The other day, we installed a new HSJ40C on a separate BA350-MB in Smart's 
SW800. This controller is connected to 5 BA356 bays; the last cable is just 
hanging. This controller though has 32mb cache but no battery so we set it to 
read cache only pending the installation/arrival of the battery. We installed 
the third member of each of the 3 shadow sets plus 2 TZ87 tape drives on one of 
the bays. 

On the early morning of 29 April, we installed the said controller and upgraded 
the firmware of all the disks to the latest version. On the evening of 30 April 
(20:04), the customer called up to report that the shadow members residing on 
the second HSJ40 controller suddenly became 'online' instead of the usual 
'member of DSAx'. The tape drives though are still available and a standalone 
disk on the same controller remained 'mounted'. They manually mounted the 
members to their shadow sets and no more errors were encountered.

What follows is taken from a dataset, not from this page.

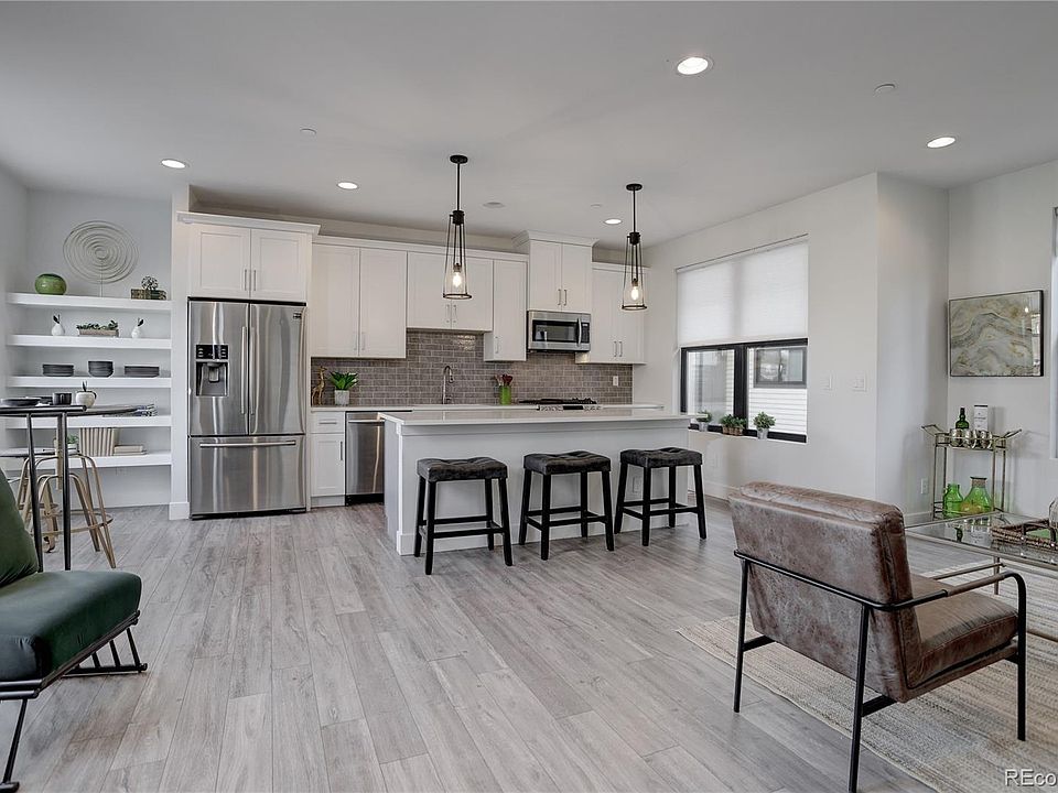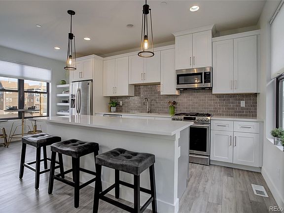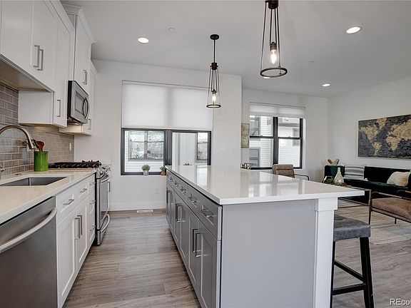 PRICED TO GIVE BUYER $50,000 IMMEDIATE EQUITY. Smaller unit in front sold in 2022 for $752K. Location!!! Only a block off of historic Main Street in Old Littleton, this is the perfect blend of charming urban walkability & beautiful open spaces. 5630 S. Curtice is in the heart of Denver's "best small town" Littleton, with award winning schools, and a neighborhood that makes you feel like you are part of hometown community. You can walk to light rail in 6 blocks, which can take you all over Denver and the airport. Walk 10 minutes the other way & you are at the beautiful Platte River trail... this is truly the best of both worlds. Inside, you will find top trending style with black clad (Anderson) windows, upgraded trim work, gray paneled doors, white quartz throughout, SS appliances, gas range. Two beds/three baths, an open floor plan featuring a great room with a large kitchen island, eating area, living area, & open shelving for storage or to make a work space for studying or working at home. Private rooftop deck with breathtaking mountain views & sunsets. The owners have regular movie nights up there and grill out on the included gas grill that has it's own dedicated gas line. Historic Old Littleton is a unique mix or original historic buildings that will never change, and newer modern multi-family housing that is selling upwards of $1M. Great home for Investors looking for rental income, or the Buyer who loves both best in walkability, a vibrant lifestyle right out your door, as well as Colorado mountain views from home, & access to the Platte River and the trail that will take you south to the mountains, or north to Downtown Denver. Events, restaurants, pubs, coffee shops, boutiques, a theater, post office, etc. Lowest price townhome on the market, priced to sell, & motivated! Pictures online show a larger dining room table and sectional couch for added perspective. Cafe next-door closes at 2pm every day & is closed Sunday & Monday for added parking.

This morning, I investigated the problem and found the following information:

1. OPERATOR.LOG

%%%%%%%%%%% OPCOM 30-apr-1997 20:04:33.77 %%%%%%%%%%
Messagefrom user INTERnet on SMART
TELNET Login Request from remote Host: 31.0.1.2    Port:1066

%%%%%%%%%%% OPCOM 30-apr-1997 20:04:51.40 %%%%%%%%%%
DSA3: shadow set has changed state.
Mount verification in progress

%%%%%%%%%%% OPCOM 30-apr-1997 20:04:51.40 %%%%%%%%%%
DSA1: shadow set has changed state.
Mount verification in progress

%%%%%%%%%%% OPCOM 30-apr-1997 20:04:51.43 %%%%%%%%%%
DSA2: shadow set has changed state.
Mount verification in progress

%%%%%%%%%%% OPCOM 30-apr-1997 20:05:11.54 %%%%%%%%%%
$6$DUA12:  (HSJ410) has been removed from shadow set.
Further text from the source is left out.